[math4] FourthGradeMath Digest, Vol 2, Issue 19
Greg Dekoenigsberg
gdk at redhat.com
Mon Mar 16 13:49:04 EDT 2009
On Mon, 16 Mar 2009, Caroline Meeks wrote:
> Hi Greg,
>
> Love this idea. What do we have right now? 20 developers and 1 teacher?
More than that, probably. :)
> One suggestion based on the group work I've been doing and studying this
> semester and my experience is that groups of 6 might work better on
> average then groups of 2.
>
> Maybe 4 developers and 2 teachers working on 4 activities.
Sure. These numbers are flexible. The problem is clear, though: we need
more teachers of 4th grade math, and we need them badly -- and it's not
going to be the geeks who recruit them. :)
> And although the activities should not be perfect, they should be very
> thoughtful.

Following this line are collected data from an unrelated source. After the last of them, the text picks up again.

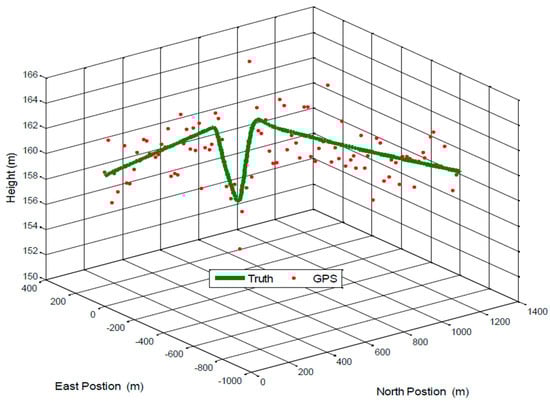 A trajectory of 100 s is used in the simulation of the aforementioned model. Figure 4 provides the 3D position trajectory for the true positions and GPS measurement.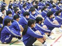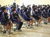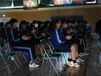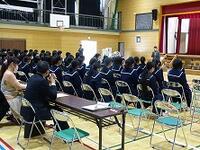3年生も辞校式にはたくさんの生徒が駆けつけ参加しました。転出される先生方からは,思い思いのお言葉を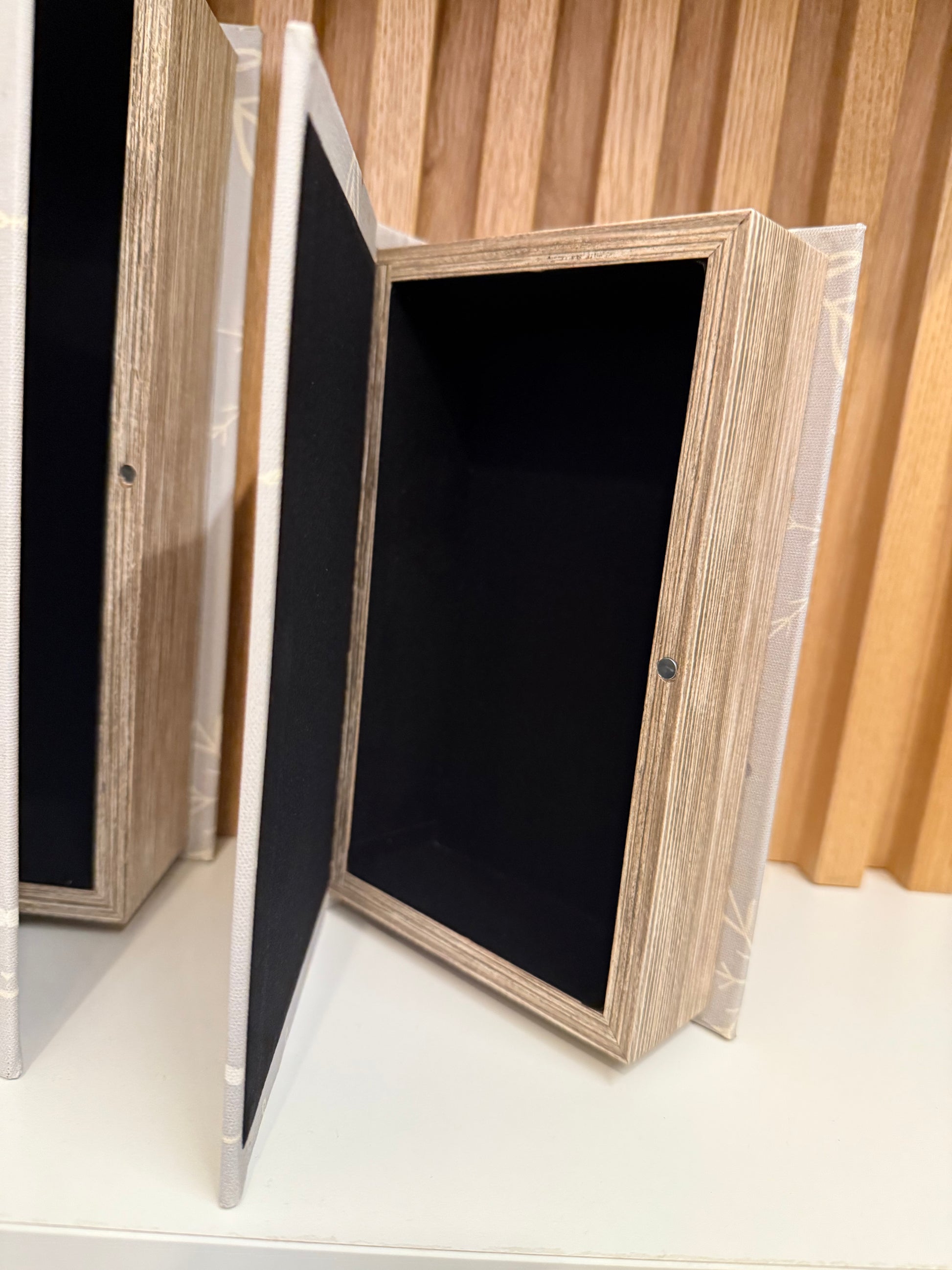 Scatole in MDF con chiusura magnetica e internamente rivestite in velluto nero, esternamente con grafica di fiocchi di neve e stelline. Ideale per dare un tocco di originalità alla tua casa e mantenere sempre l'ordine.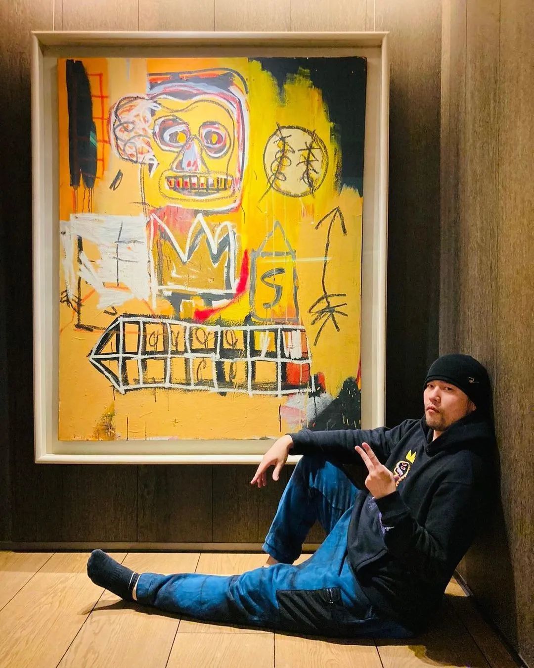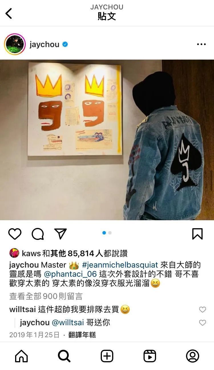 ▲周杰伦在巴斯奎特《无题》(橘色运动人像)画前留影,此幅画于2018年以逾2.6亿元台币拍出。(图/翻摄jaychou IG)
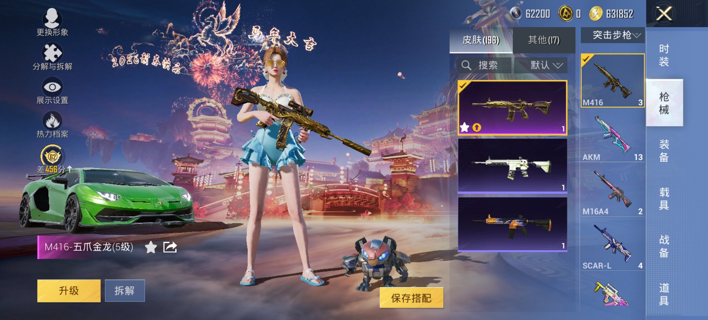 可二次实名【梦幻火箭M4五爪金龙10特效枪8粉装1载具 秒换绑不用等】 安卓Q区-65304热力值-8印记-141套装-196枪皮 【1载具】 兰博SVJ绿色【1稀有】 奇异狩猎者【8粉装】 梦幻火箭 冰霜白皇 寒光使者 复仇流浪者 炙焰红王 炙焰牛王 仲夏莫吉托 幻影战神【10特效枪】 M416-五爪金龙(5级) AKM-梦之光华(5级) Mk14-福马献瑞(5级) ACE32-萌骑漫游(2级) SCAR-L-青春物语(5级) AKM-星际浪客(3级) UZI-筑梦精灵(4级) S12K-海渊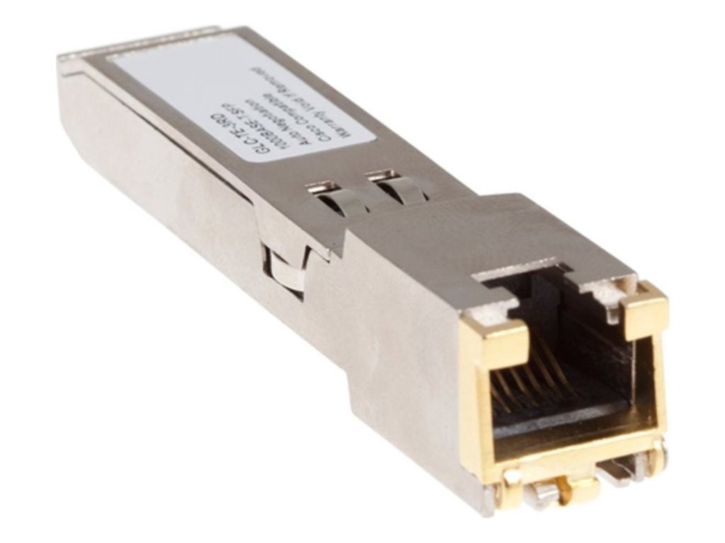 Rozšiřující SFP modul 1000Base-T pro připojení k síti Ethernet. Podporuje přenos dat na vzdálenost až 100 metrů přes měděný kabel typu Cat5e nebo vyšší. Tento modul je ideální pro krátké vzdálenosti v rámci místní sítě (LAN), například pro propojení zařízení v rámci budovy. Rozšířený teplotní rozsah -5 °C až 85 °C.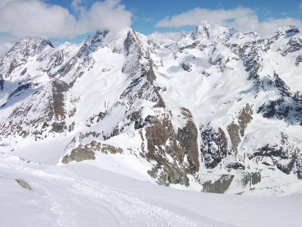 Dalla Cabanne si scende sul ghiacciaio del M. Collon e si raggiunge il Col de l’Eveque mt.3392. Scendere dal Colle passando sotto la Vierge e in direzione E risalire il ripido pendio del Col Mont Brulé mt 3212.. Scendere sul ghiacciaio del Tsa de Tsan e salire al Colle Valpelline mt.3568. Dal colle con evidente percorso si sale sulla Tete de Valpelline mt 3798.

That is full of thought about why what you are trying might
> work for learning. Team members should be thinking together about
> learning and it would be great if we could transfer some of those
> thoughts to the next person who picks up the activity and improves it.
> Maybe the next person will also improve or have a different view of the
> pedagy of the activity too.
This is all true, of course.
> I'm not frustrated. I'm excited!!! I just know from research how many
> learning technologies are totally ineffective and sometimes even reduce
> learning. So I want to encourage thinking about pedagogy and learning
> during the design stage.
The brilliant thing about open source is that "failures" always contain in
them the seeds of future success. So while I agree that we don't want to
be precipitous, I also think that open source is most effective when
there's a bias towards action.
> I also want to encourage reflective practice in general.
I want to encourage rapid failure in general. Very yin and yang between
us. :)
> I do this for two reasons. First, I think it will make your work better
> and second, its the change we need to accomplish in the schools and with
> the students, it just makes sense for us to try to practice it
> ourselves.
>
> I'm excited because having kids using instructional materials that
> really promote thinking and result in learning is the whole point. What
> you are starting is important. Thinking about it is important too.
My learning style is a rapid loop of doing and thinking. Reflection and
action together. A structure that allows exploration and celebrates
failure.
Of course, until we find a whole bunch of teachers to set us right, we're
just talking to ourselves. :) How can we recruit teachers to our cause?